#### Dataset section:

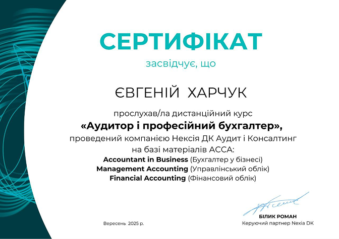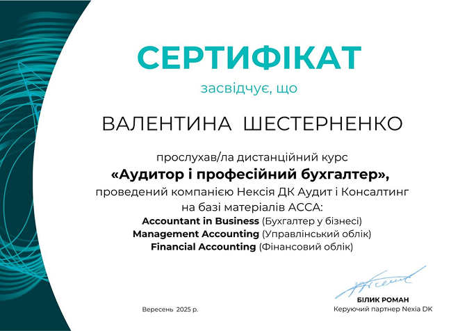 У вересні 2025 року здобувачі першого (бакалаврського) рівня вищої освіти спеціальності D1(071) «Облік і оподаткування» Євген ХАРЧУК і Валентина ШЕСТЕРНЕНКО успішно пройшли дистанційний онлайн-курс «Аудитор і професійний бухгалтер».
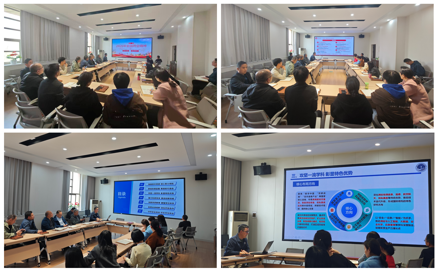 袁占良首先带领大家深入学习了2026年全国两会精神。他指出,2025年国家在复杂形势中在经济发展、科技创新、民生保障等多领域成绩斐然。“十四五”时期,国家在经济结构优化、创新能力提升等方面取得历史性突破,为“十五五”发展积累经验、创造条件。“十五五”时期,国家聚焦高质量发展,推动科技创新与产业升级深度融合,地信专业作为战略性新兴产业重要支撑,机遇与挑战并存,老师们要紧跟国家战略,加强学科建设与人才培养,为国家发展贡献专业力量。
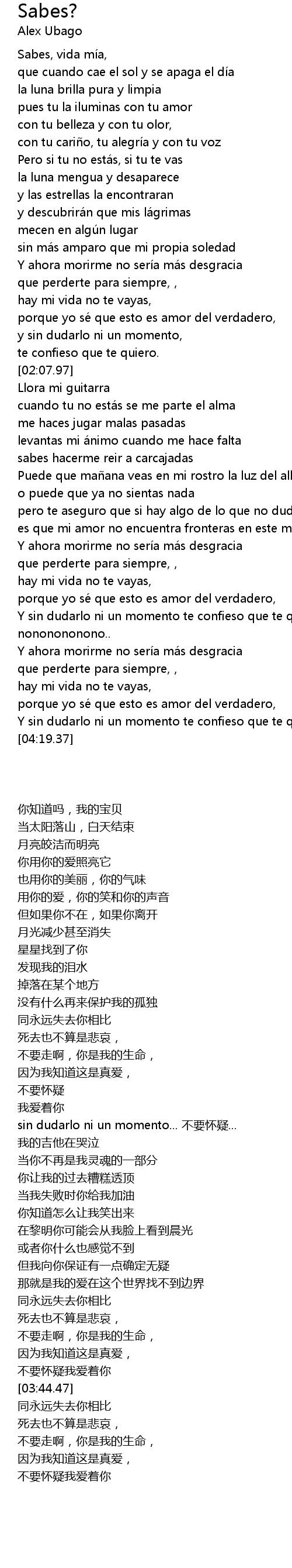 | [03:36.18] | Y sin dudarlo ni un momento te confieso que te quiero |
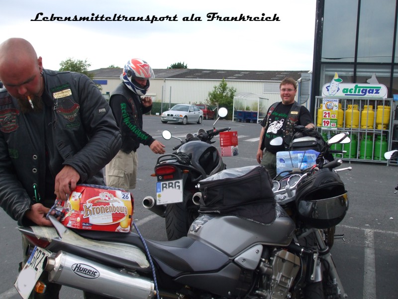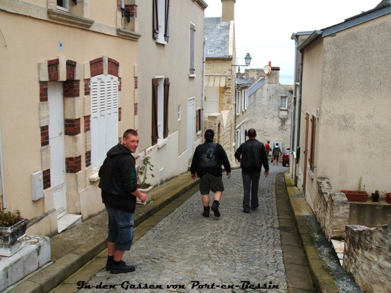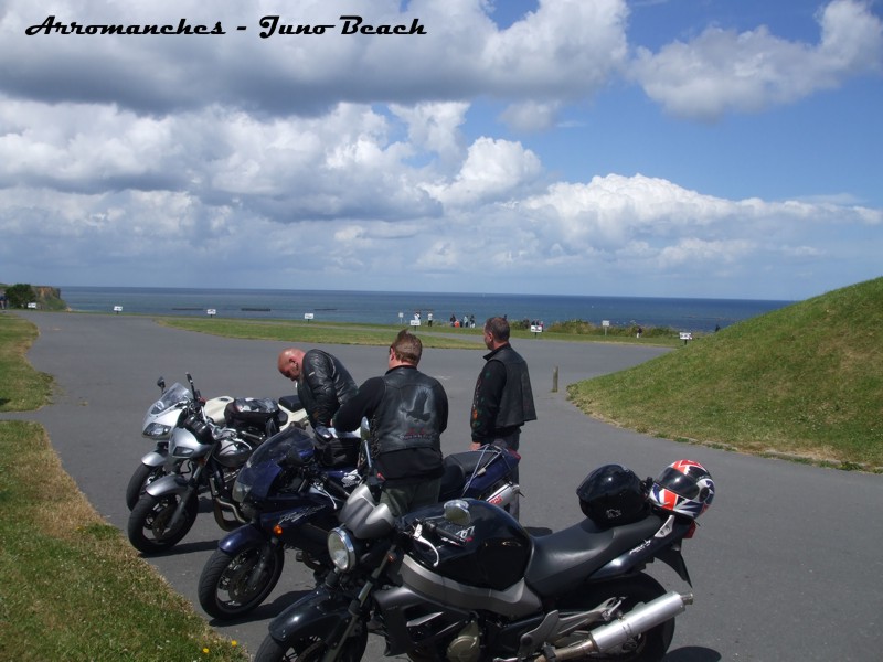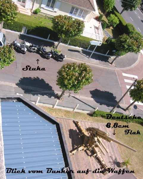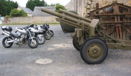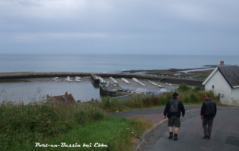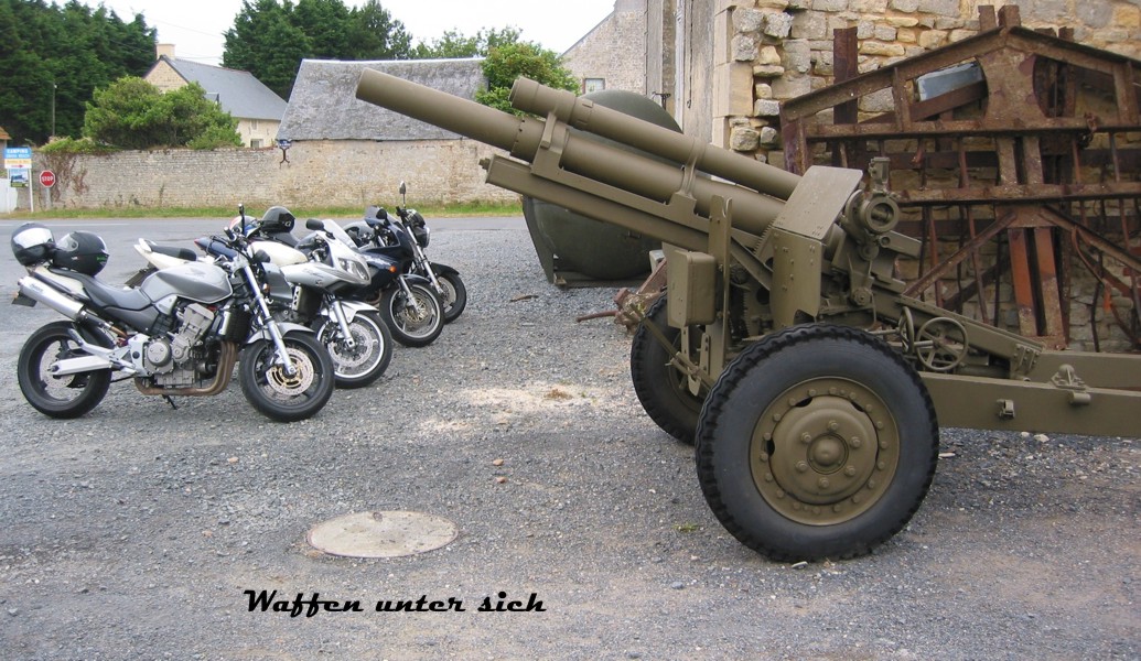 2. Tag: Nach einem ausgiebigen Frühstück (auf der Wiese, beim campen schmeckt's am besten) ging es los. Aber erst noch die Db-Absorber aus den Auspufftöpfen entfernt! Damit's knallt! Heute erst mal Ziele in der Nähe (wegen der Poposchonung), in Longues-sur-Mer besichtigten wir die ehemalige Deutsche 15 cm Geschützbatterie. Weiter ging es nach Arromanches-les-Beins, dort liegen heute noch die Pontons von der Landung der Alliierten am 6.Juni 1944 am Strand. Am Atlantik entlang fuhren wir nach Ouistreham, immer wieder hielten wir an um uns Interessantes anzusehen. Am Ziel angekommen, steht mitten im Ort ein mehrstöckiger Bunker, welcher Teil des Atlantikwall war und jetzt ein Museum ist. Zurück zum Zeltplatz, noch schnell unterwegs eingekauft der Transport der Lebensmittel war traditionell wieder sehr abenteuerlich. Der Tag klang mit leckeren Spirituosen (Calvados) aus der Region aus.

#### Problem requirements:
Starting with the line that holds "te quiero |", repeat exactly every line through the end of the material above, both ends included, without the pictures.

#### Output for this task:
 | [03:36.18] | Y sin dudarlo ni un momento te confieso que te quiero |
 2. Tag: Nach einem ausgiebigen Frühstück (auf der Wiese, beim campen schmeckt's am besten) ging es los. Aber erst noch die Db-Absorber aus den Auspufftöpfen entfernt! Damit's knallt! Heute erst mal Ziele in der Nähe (wegen der Poposchonung), in Longues-sur-Mer besichtigten wir die ehemalige Deutsche 15 cm Geschützbatterie. Weiter ging es nach Arromanches-les-Beins, dort liegen heute noch die Pontons von der Landung der Alliierten am 6.Juni 1944 am Strand. Am Atlantik entlang fuhren wir nach Ouistreham, immer wieder hielten wir an um uns Interessantes anzusehen. Am Ziel angekommen, steht mitten im Ort ein mehrstöckiger Bunker, welcher Teil des Atlantikwall war und jetzt ein Museum ist. Zurück zum Zeltplatz, noch schnell unterwegs eingekauft der Transport der Lebensmittel war traditionell wieder sehr abenteuerlich. Der Tag klang mit leckeren Spirituosen (Calvados) aus der Region aus.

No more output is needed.